◆ WORK REQUIRED
From the data below, return the exact lines starting at the line containing "連続秒針 CL4567 オーブリー" and ending at the line containing "青島新聞網(wǎng)2月2", both included, and nothing else.

◆ PROVIDED MATERIAL
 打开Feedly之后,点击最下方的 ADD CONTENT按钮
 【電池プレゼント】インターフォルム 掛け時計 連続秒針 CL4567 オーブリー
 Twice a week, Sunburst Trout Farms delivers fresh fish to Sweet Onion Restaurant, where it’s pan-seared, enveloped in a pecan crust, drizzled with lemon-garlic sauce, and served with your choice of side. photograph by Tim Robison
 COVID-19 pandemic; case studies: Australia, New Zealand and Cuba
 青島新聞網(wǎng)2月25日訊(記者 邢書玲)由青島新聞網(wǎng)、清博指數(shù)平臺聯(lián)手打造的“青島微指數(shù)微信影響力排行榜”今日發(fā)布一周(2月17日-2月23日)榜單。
==
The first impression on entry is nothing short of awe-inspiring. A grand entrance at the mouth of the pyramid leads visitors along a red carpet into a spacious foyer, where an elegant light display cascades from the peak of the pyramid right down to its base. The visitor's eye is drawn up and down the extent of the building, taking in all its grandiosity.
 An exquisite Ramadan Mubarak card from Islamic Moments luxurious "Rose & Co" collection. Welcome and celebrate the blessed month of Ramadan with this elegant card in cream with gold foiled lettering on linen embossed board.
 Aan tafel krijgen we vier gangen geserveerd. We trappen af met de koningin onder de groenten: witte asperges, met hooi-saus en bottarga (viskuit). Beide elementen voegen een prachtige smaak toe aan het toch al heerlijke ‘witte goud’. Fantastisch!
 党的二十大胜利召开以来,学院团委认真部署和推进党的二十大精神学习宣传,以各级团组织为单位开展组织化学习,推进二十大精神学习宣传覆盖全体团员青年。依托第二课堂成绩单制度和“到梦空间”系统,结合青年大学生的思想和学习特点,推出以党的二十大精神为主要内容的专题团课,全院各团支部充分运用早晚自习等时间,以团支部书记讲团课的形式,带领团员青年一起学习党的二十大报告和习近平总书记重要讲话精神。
---
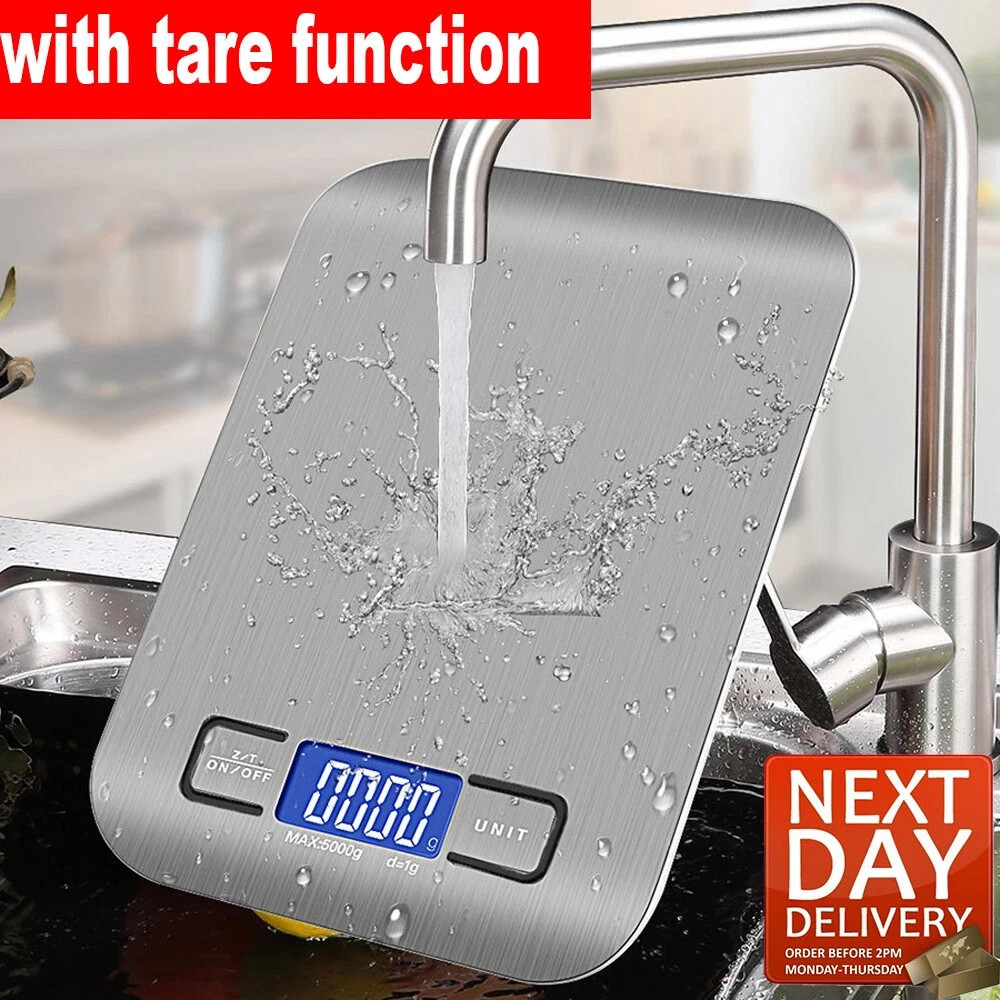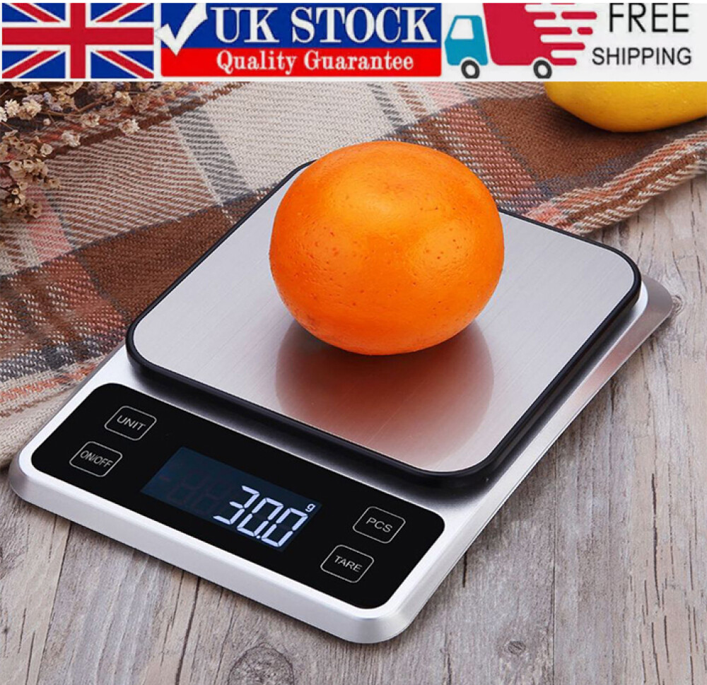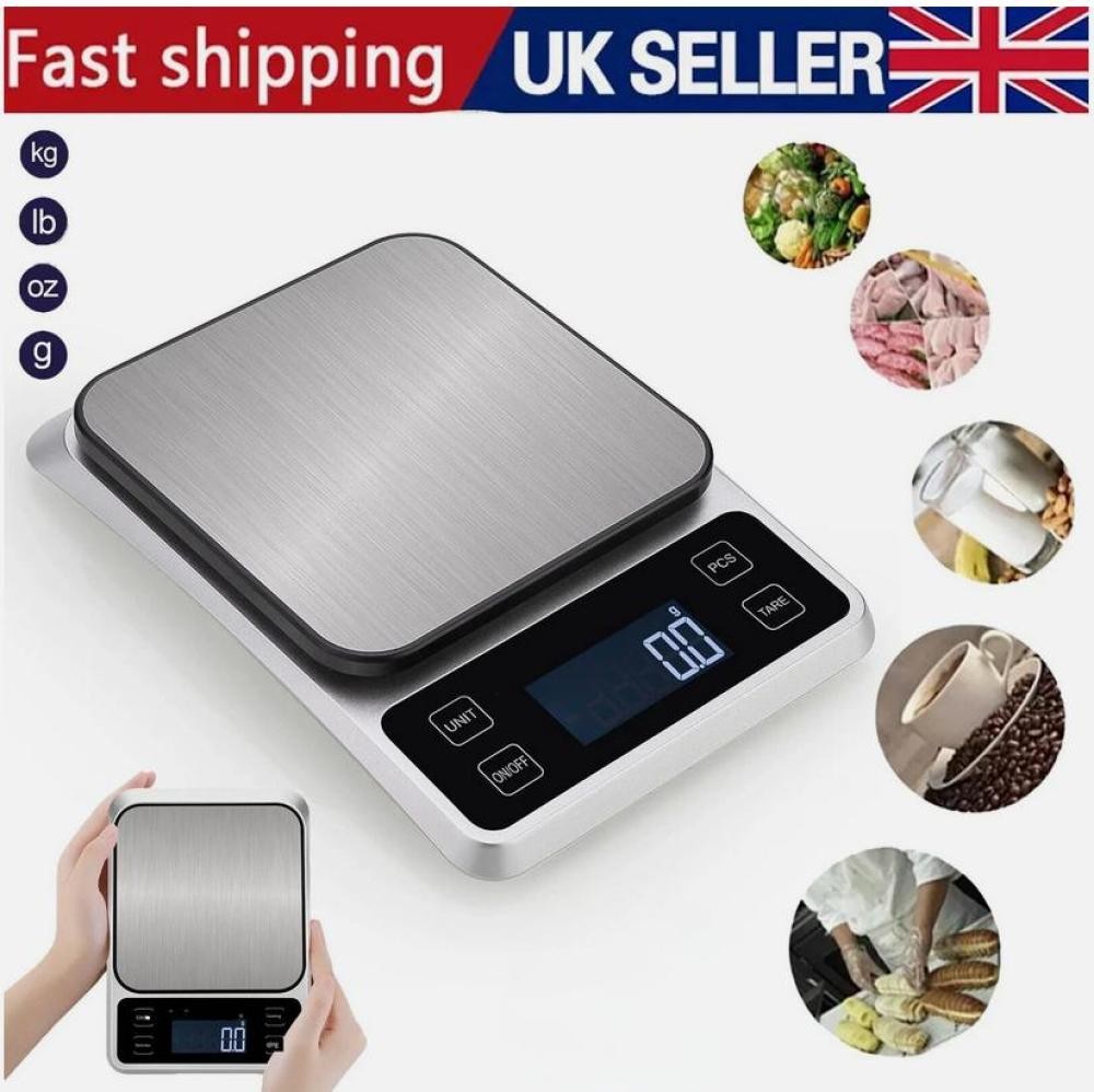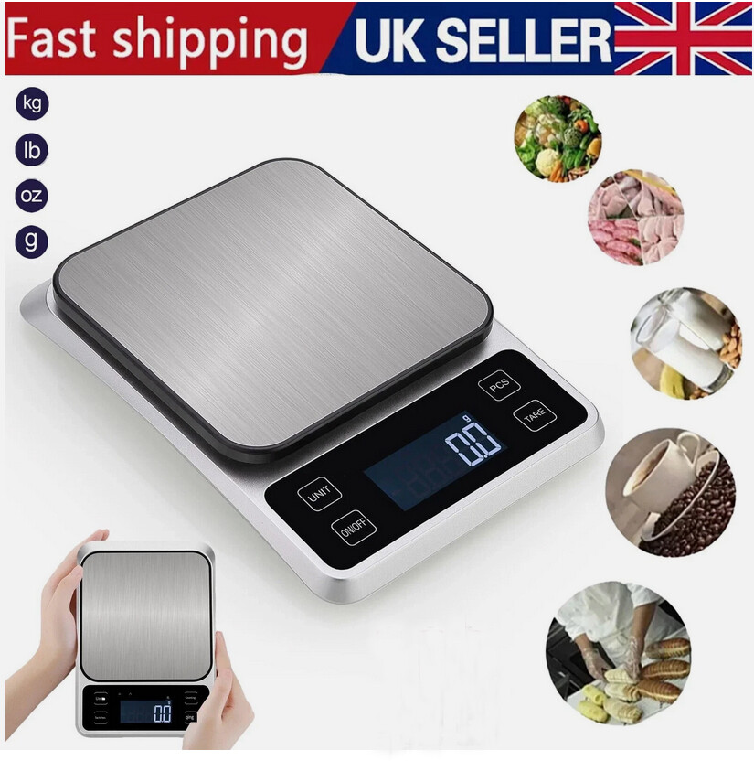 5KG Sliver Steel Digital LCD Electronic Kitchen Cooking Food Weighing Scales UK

◆ OUTPUT OF THE EXERCISE
 【電池プレゼント】インターフォルム 掛け時計 連続秒針 CL4567 オーブリー
 Twice a week, Sunburst Trout Farms delivers fresh fish to Sweet Onion Restaurant, where it’s pan-seared, enveloped in a pecan crust, drizzled with lemon-garlic sauce, and served with your choice of side. photograph by Tim Robison
 COVID-19 pandemic; case studies: Australia, New Zealand and Cuba
 青島新聞網(wǎng)2月25日訊(記者 邢書玲)由青島新聞網(wǎng)、清博指數(shù)平臺聯(lián)手打造的“青島微指數(shù)微信影響力排行榜”今日發(fā)布一周(2月17日-2月23日)榜單。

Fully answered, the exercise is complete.